Twins Separated at Birth Marry Each Other

Some difficult vocabulary here but it's a very interesting story. (you can double click on words that you don't know to check their meaning)

It's like a story from Tales of the Unexpected, a pair of twins, separated a birth married one another without realizing they were brother and sister. The case has come to light after the high court's annulment of the marriage after the twins found out about their relationship. The peer Lord Olson who highlighted the case in the House of Lords said the twins felt an "inevitable attraction" when they met. Here's our home affairs correspondent Andy Davis.

Although reported for the first time today, this desperately poignant story was first revealed in the House of Lords on December the 10th, by Lord Olson. They were debating the human fertilization and embryology bill, "I was recently in conversation with a high court judge who was telling me the story of the case he recently dealt with and this didn't involve in-vitro fertilization, it involved a normal birth of twins.

According to Lord Alton, the two twins, understood to have been born in Britian, were separated at birth--how long ago is not known. Each was adopted by a different family and grew up oblivious to the fact that they had a twin sibling. Then as adults, by pure coincidence, their paths crossed and they fell in love. It was only after they married that they discovered that they were in fact twins. It's not known how they found out. The marriage was subsequently annulled in the high court. No other details have ever been released.

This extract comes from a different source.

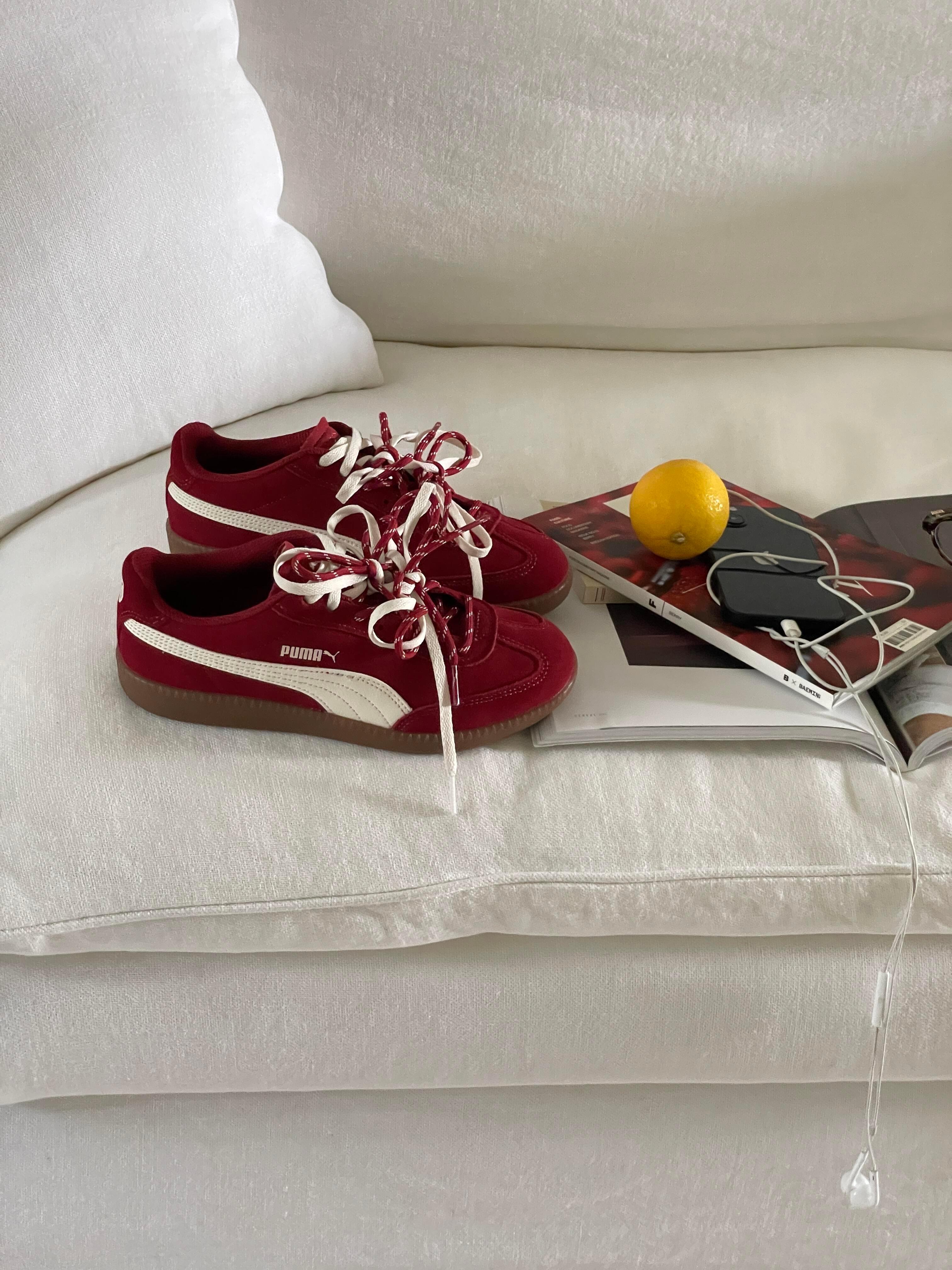 时尚鞋履年度本命小红鞋锁定!这双复古暗红德训鞋直接戳中时尚心巴~低饱和暗红调自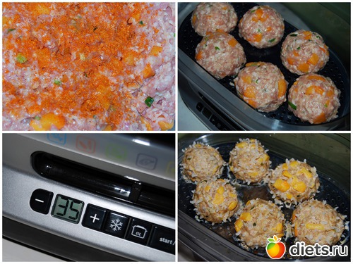 Ёжиков можно и вовсе без тыквы организовать или с кабачком - ничуть не хуже получаются (это у нас вообще ходовой рецепт в пароварке - быстро и вкусно)

Cases of what is known as accidental incest are incredibly rare according to workers in the adoption field. Given the stringent guidelines governing modern adoption practice in the UK. It is almost inconceivable they say that such a case could be repeated. It is now exceptional for an adopted child to grow up separate from a sibling. But it is in the field of human fertilization with growing numbers of children conceived through donor sperm and eggs that the risk of accidental incest occurring is far more of a reality. Lord Olson and their supporters want the law changed so that children born from donor eggs and sperm have that information recorded with symbols on their birth certificates. But that, say some fertility specialists, would simply backfire.

The suggestion of putting big "D"s on people's birth certificates is to coerce parents, to force people, to brand the offspring with a big D (for donated). And do we really want as a state that sort of control over our lives and the information about us?

This evening Lord Alton declined to discuss in further detail the case of the twins.